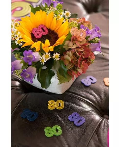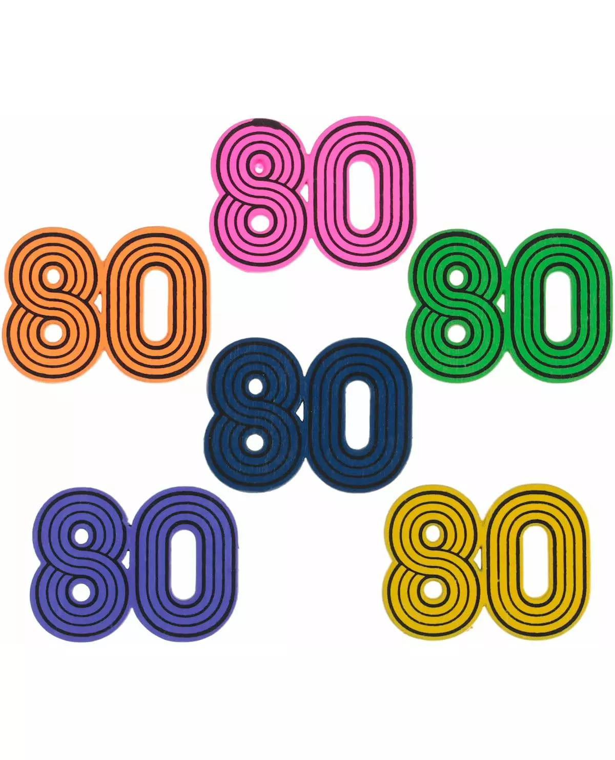80-tallet er tilbake! Disse 10 bordkonfettiene måler omtrent 3 x 3 cm. De representerer tallet «80» og har flere farger, noen er oransje, andre er gule, rosa, blå, grønne og lilla. Disse konfettiene er laget av tre. Disse bordkonfettiene vil ta deg tilbake til 80-tallet for en temafest eller bursdag! Inkludert tilbehør: 10 konfetti Materiale: Tre
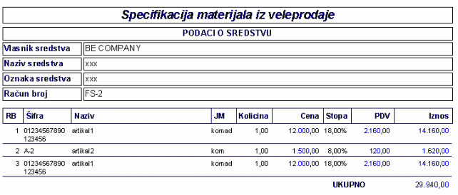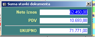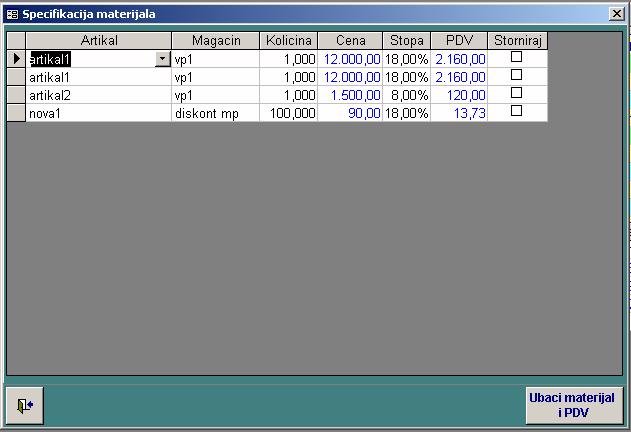 - vraća na prethodnu formu i upisuje stvku za materijal kao stavku fakturte. Ukoliko je trebovano iz veleprodaje i maloprodaje onda se dodaju dva stava. Takođe se dodaju posebni stavovi za robu sa različitom stopom.
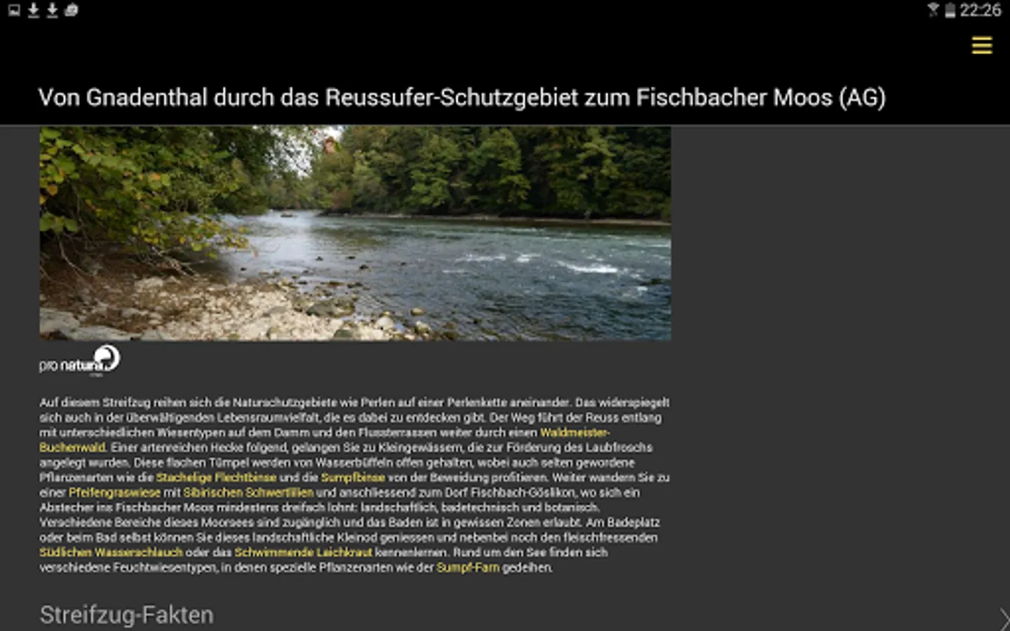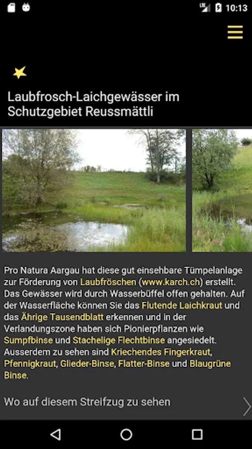 On the forays, plants and habitats are presented with photos and exciting background information if they can be seen by the wayside. In this way, the users of the app can explore the variety of flowers at their own pace on every foray. Interesting facts are explained for each plant species, for example on naming, strategies for attracting pollinators or medicinal use. In addition, the time of flowering, the protection status and the red list status of all species are listed.
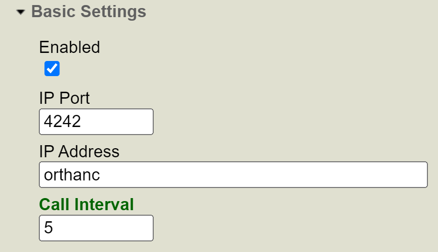 Hemos declarado como IP el nombre del hostname especificado en el docker-compose en el que se encuentra desplegado Orthanc al igual que el puerto.

==============================

# What the exercise asks
Go to the line above that has "- vraća na prethodnu" and copy exactly from there down to the line that has "On the forays, plants", both included. Leave the pictures out.

# Answer box
 - vraća na prethodnu formu i upisuje stvku za materijal kao stavku fakturte. Ukoliko je trebovano iz veleprodaje i maloprodaje onda se dodaju dva stava. Takođe se dodaju posebni stavovi za robu sa različitom stopom.
 On the forays, plants and habitats are presented with photos and exciting background information if they can be seen by the wayside. In this way, the users of the app can explore the variety of flowers at their own pace on every foray. Interesting facts are explained for each plant species, for example on naming, strategies for attracting pollinators or medicinal use. In addition, the time of flowering, the protection status and the red list status of all species are listed.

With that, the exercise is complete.